[Assigned task] The required output is the lines from the one with "Nóż automatyczny Microtech" through the end of the data, repeated verbatim, with no pictures included.

[Information shown]

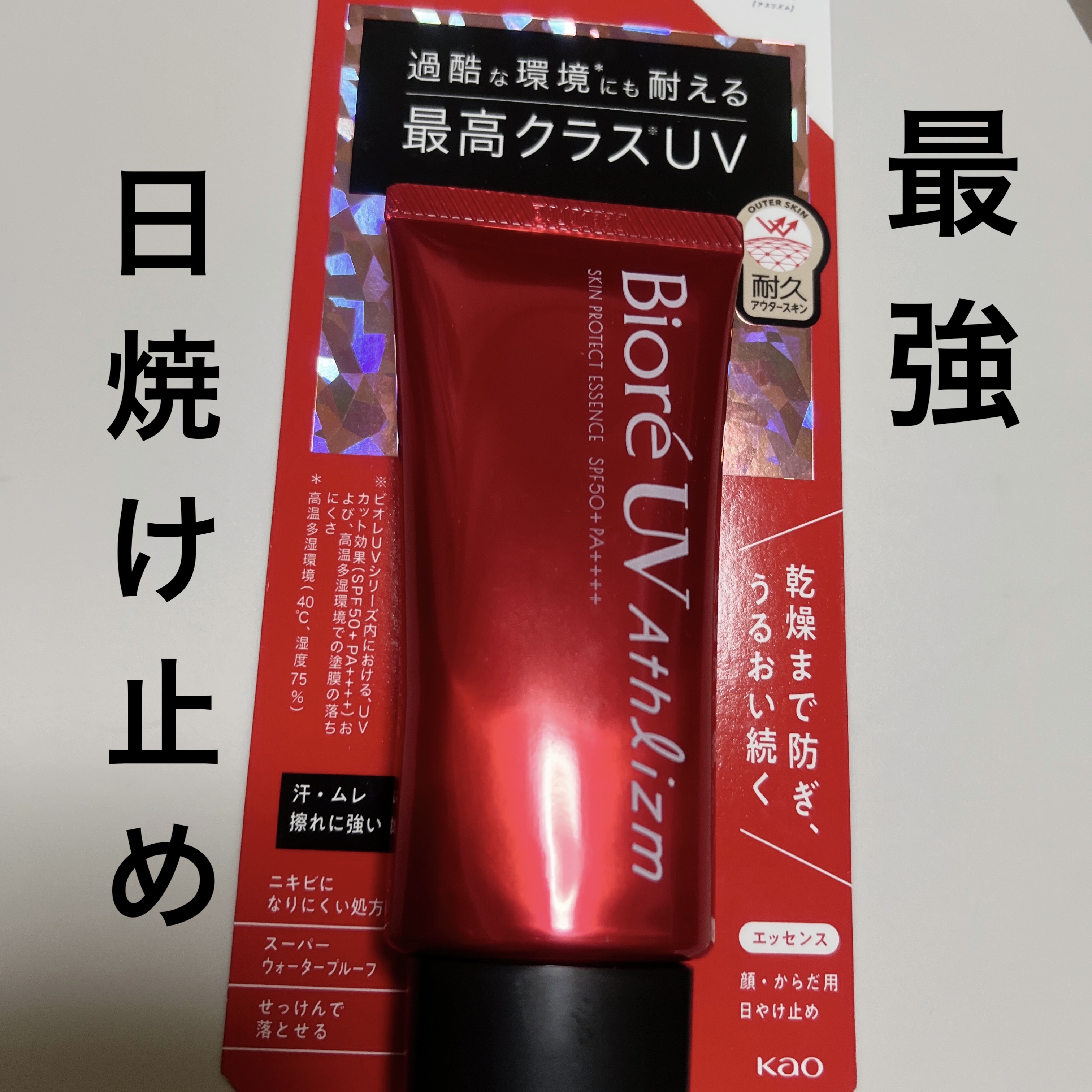 スーと伸びて白浮きしない・石鹸で落とせる・ウォータープルーフ・においが気にならない・日焼けしにくい ※(個人差) 塗った直後は少しベタつきはありますが、数分経つとさらさらになるので、ベタつきが苦手な方も安心して使えます❣️ 過酷な環境にも耐える最高クラスUV。ビオレ独自のタフブーストTechで、均一UV防御塗膜を独自タフブーストポリマーでトップコートし、耐久性を高めます。
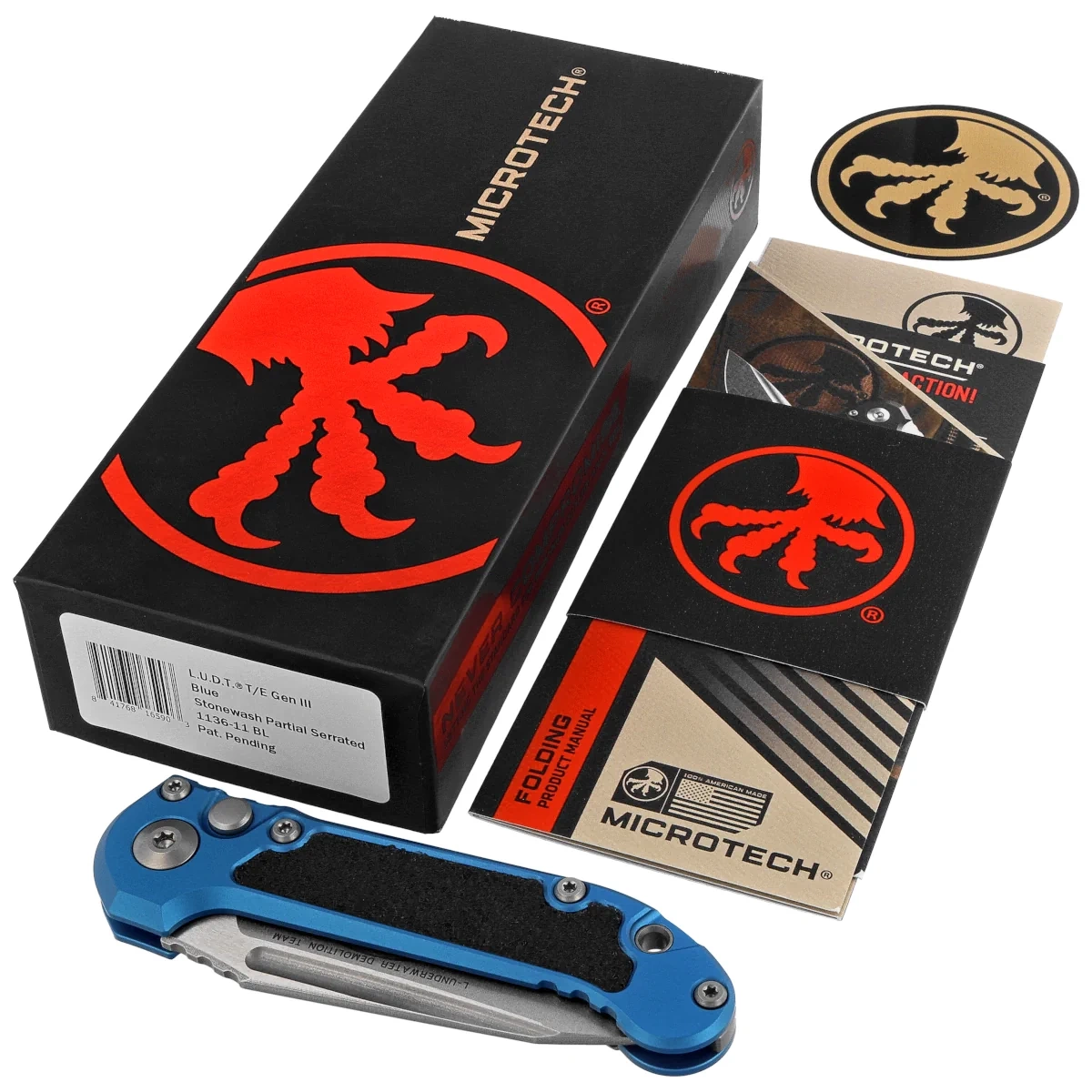 Nóż automatyczny Microtech LUDT Gen III T/E Blue Aluminium, Stonewashed P/S M390MK by Tony Marfione (1136-11BL)
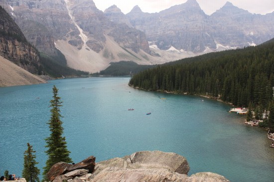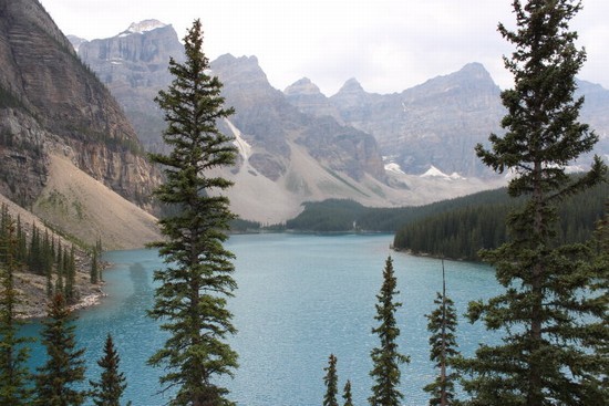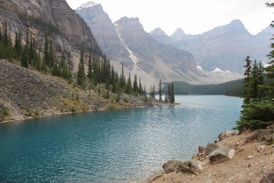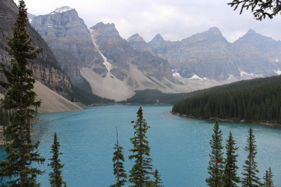 图15: “梦莲湖”(Moraine Lake)这个中文译名很美,令人浮想联翩。其实“Moraine Lake”的英文原意就是“冰碛湖”的意思,是个纯地质名词。梦莲湖的颜色如蓝宝石般漂亮,可惜的是,我们赶到这里时天忽然阴了下来,灰云映照下的湖水,颜色已经比阳光下逊色了很多。

[Answer section]
 Nóż automatyczny Microtech LUDT Gen III T/E Blue Aluminium, Stonewashed P/S M390MK by Tony Marfione (1136-11BL)
 图15: “梦莲湖”(Moraine Lake)这个中文译名很美,令人浮想联翩。其实“Moraine Lake”的英文原意就是“冰碛湖”的意思,是个纯地质名词。梦莲湖的颜色如蓝宝石般漂亮,可惜的是,我们赶到这里时天忽然阴了下来,灰云映照下的湖水,颜色已经比阳光下逊色了很多。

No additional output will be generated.